First NZ case of monkeypox confirmed in Auckland
The Ministry of Health is reporting the first case of monkeypox in New Zealand - a person in their 30s who lives in Auckland.
The person has recently returned from overseas travel in a country with reported cases of monkeypox, the ministry said in a statement tonight.
There are now 50 countries reporting cases of monkeypox.
Given the increase in cases internationally, including Australia, the arrival in New Zealand was not unexpected, the ministry said.
"We have already taken steps to prepare for the arrival of monkeypox. Last month monkeypox was officially listed as a notifiable disease enabling us to utilise the tools needed to contain any possible spread of the disease, including isolation orders and readying contact tracing capabilities."
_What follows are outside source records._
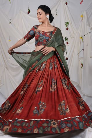 Hand Painted Kalamkari Pattern Lehenga & Blouse Set
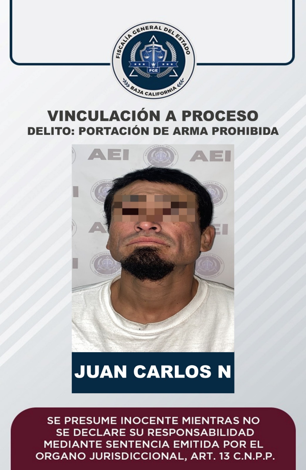 De la carpeta de investigación por el delito de portación de arma prohibida, se informó que Juan Carlos “N” fue detenido el 23 de enero en la colonia Jalisco.
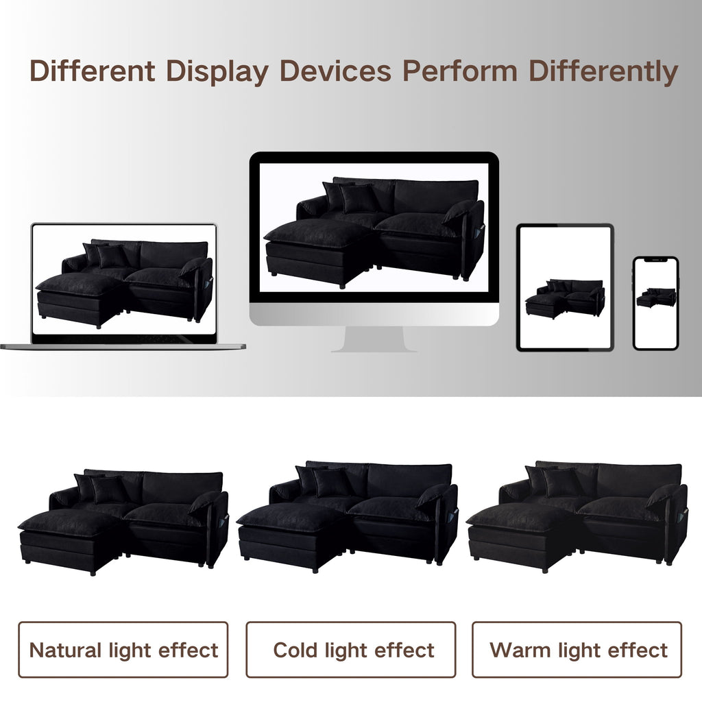 Modern Chenille Oversized Deep Seat Sectional Sofa, Large 3 Seater Modular With Pillows - Black

A monkeypox PCR test is available in New Zealand laboratries and was used to detect this first case.
The ministry reported that the case had "a very small number of contacts" and they were being advised to watch for symptoms.
"There is no evidence of community transmission here."
Public health advice
The ministry said that cases of monkeypox outside of endemic countries have primarily been identified among gay and bisexual men and men who have sex with men, and international cases have been clustered around events where this occurs.
As such the ministry was asking anyone who has been overseas and attended events connected with the spread of monkeypox, to be aware of any symptoms and seek advice from their GP or Healthline free on 0800 611 116, or get in touch with a sexual health clinic.
The first symptoms include one or more of the following: headache, acute onset of fever ( above 38degC), chills, swollen lymph nodes, muscle and body aches, backache and tiredness. The characteristic rash, which typically looks similar to chicken pox, appears after a few days.
The majority of people with monkeypox can be safely managed at home and there have been very few deaths from monkeypox globally.
Some smallpox vaccines can provide protection against the virus.
The Ministry of Health is working with Pharmac to explore options for access to smallpox vaccines that can be used as part of the targeted prevention of spread of monkeypox in certain situations.